Die meisten Mitarbeiter, die nicht in der unmittelbaren Produktion sind, waren in den letzten Monaten im Home-Office und haben damit unterschiedliche Erfahrungen gesammelt. Von zu Hause aus zu arbeiten, erfordert mehr Disziplin und Eigenverantwortung. Können Persönlichkeitstests herausfinden, ob Menschen eher für Home-Office geeignet sind oder nicht?
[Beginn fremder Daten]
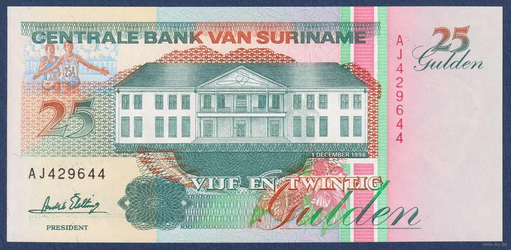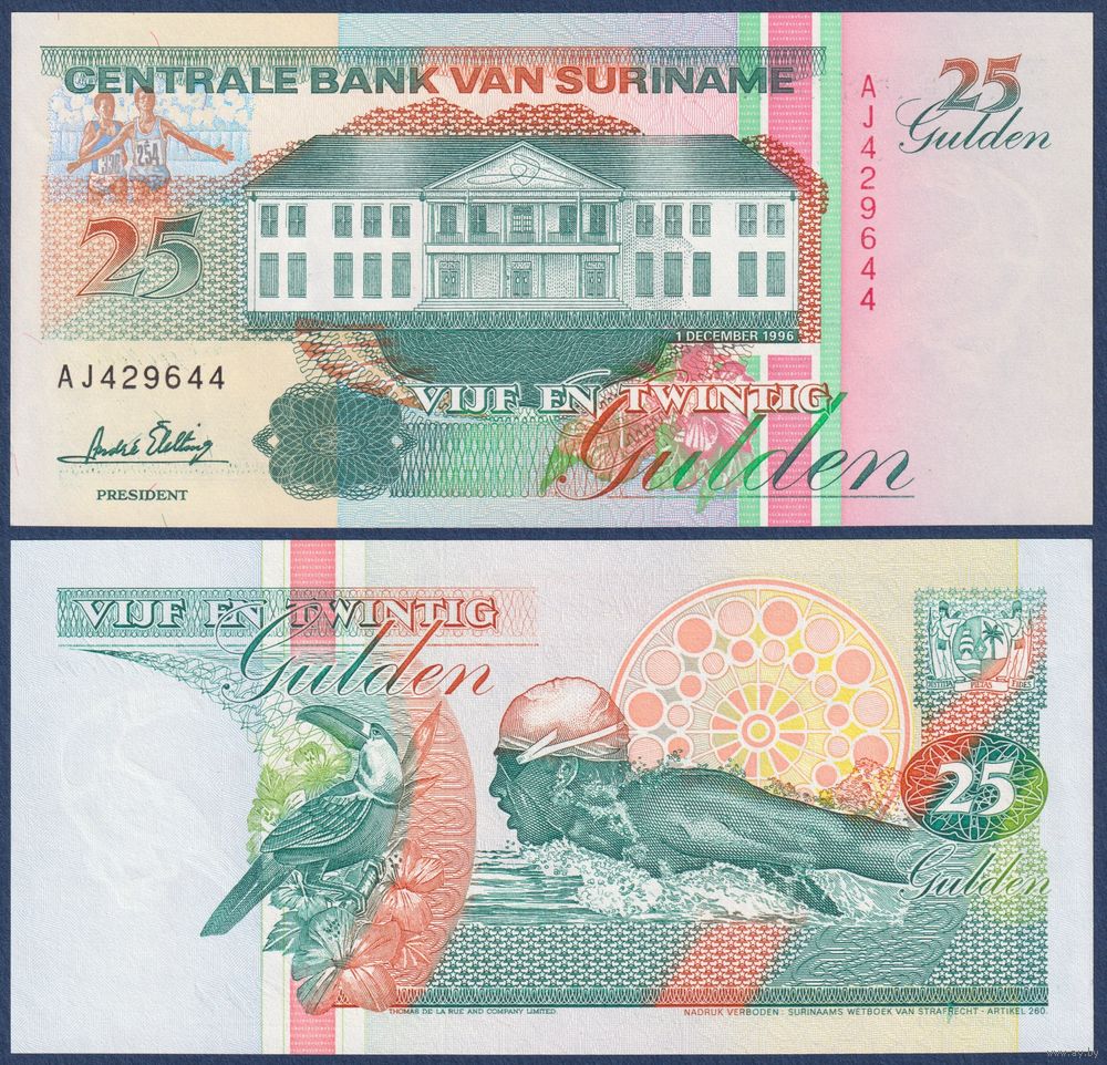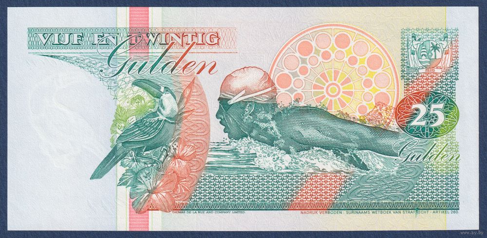 Суринам, 25 гульденов 1996 г., P-138c (AJ, тукан, олимпийский пловец Энтони Несте), UNC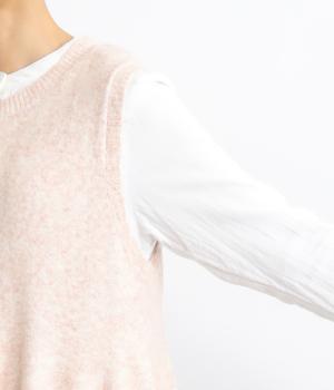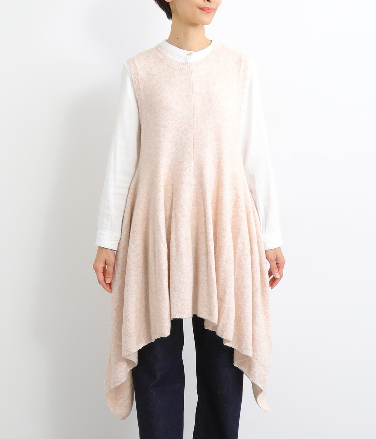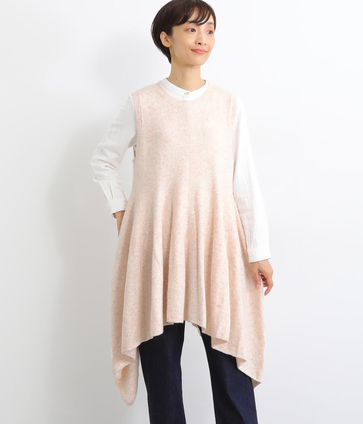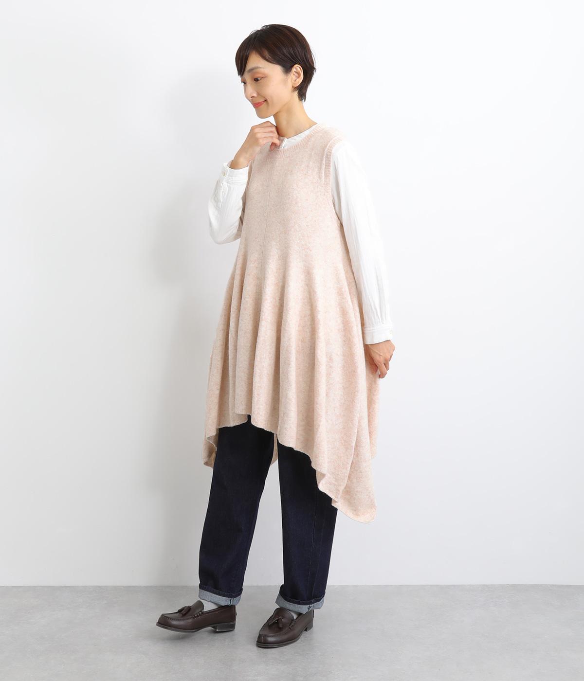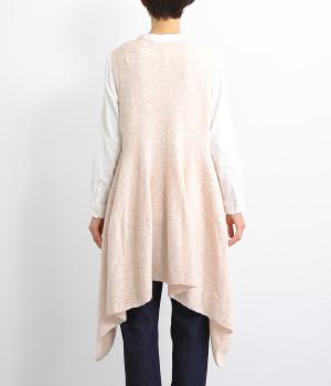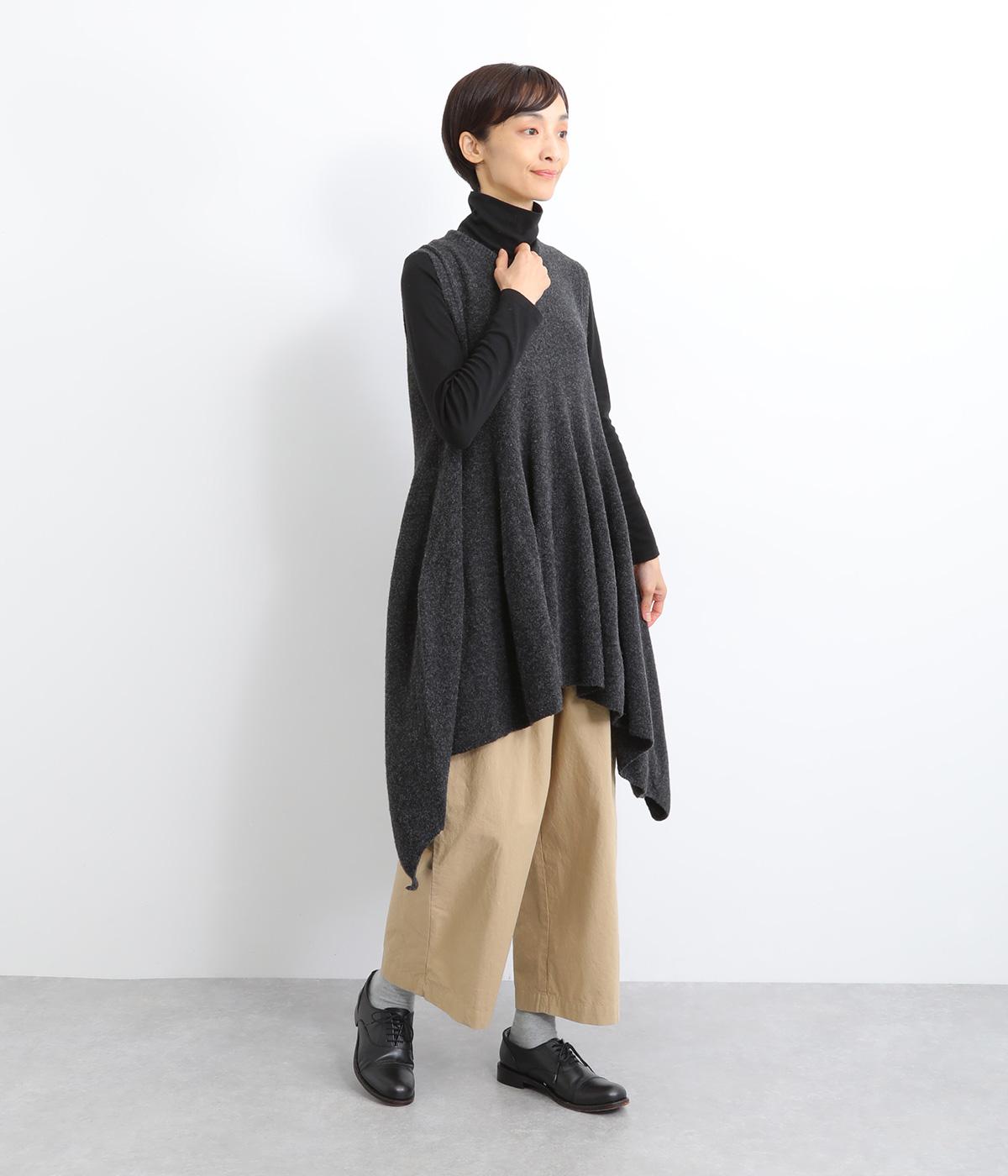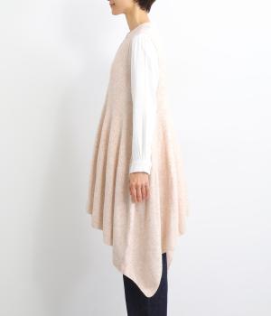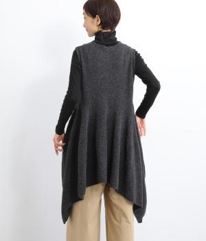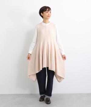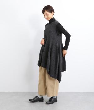 上はすっきりと、ウエストから下はドレープと共にふわりと広げたメリハリのあるシルエットが魅力です。両サイドの長い着丈がAラインを強調して着こなしを優雅に印象づけ。女性らしさが際立つ新鮮なレイヤードスタイルをたのしめます。

Günther Mathé: »Menschenorientierte Typen vermissen im Home-Office mit Sicherheit den direkten Kontakt zu Kunden und Kollegen. Aufgabenorientierte Typen tun sich hier leichter.  Durch eine Potenzialanalyse lassen sich die relevanten Eigenschaften gut herauslesen. Besitzt jemand nicht die optimalen Eigenschaften, ist es wichtig, dass man ihn so gut wie möglich in seiner Arbeit unterstützt.«

Jessica Folkes: »Um solche Fragen zu beantworten, ziehen wir bevorzugt das Process Communication Model (PCM) heran, um zu evaluieren, wie ein Mensch grundsätzlich veranlagt ist – z.B. eher introvertiert oder extravertiert; wie viel Direktive wird benötigt oder eben nicht. Auch die Talent- und Motivationsanalyse (TMA) gibt Aufschluss über z. B. die Soziabilität eines Menschen oder auch das Bedürfnis nach Unterstützung. Oder auch durch den Wingfinder, der z. B. misst, inwieweit ein Kandidat selbstgesteuert agieren kann.«

Bernhard Dworak: »Ich denke, es wäre relevanter, darüber zu sprechen, wie Führungskräfte Analysen verwenden können, um zu sehen, wie sie Menschen unterstützen und motivieren können, die von zu Hause aus arbeiten. Man darf auch nicht vergessen, dass Home-Office, wie wir es jetzt erleben, nicht dem ›normalen‹ Home-Office entspricht. Ich verstehe unter dem Begriff Home-Office das Arbeiten von zu Hause an einigen Tagen im Monat oder der Woche – aber niemals ausschließliches Arbeiten von zu Hause, wie wir es derzeit erleben.«

Fazit
Potenzialanalysen bieten einen tollen Blick hinter die Fassade von Menschen. Sowohl im Recruiting als auch in der Personalentwicklung stellen sie eine kostengünstige Ergänzung dar, um valide Aussagen über eine Person zu treffen. In Krisenzeiten muss der eventuelle Stress des Teilnehmers berücksichtigt werden. Video-Auswertungsgespräche bieten eine Gelegenheit, sicher sowie zeit- und ortsunabhängig zu coachen. Das erfordert allerdings auch einiges an Übung.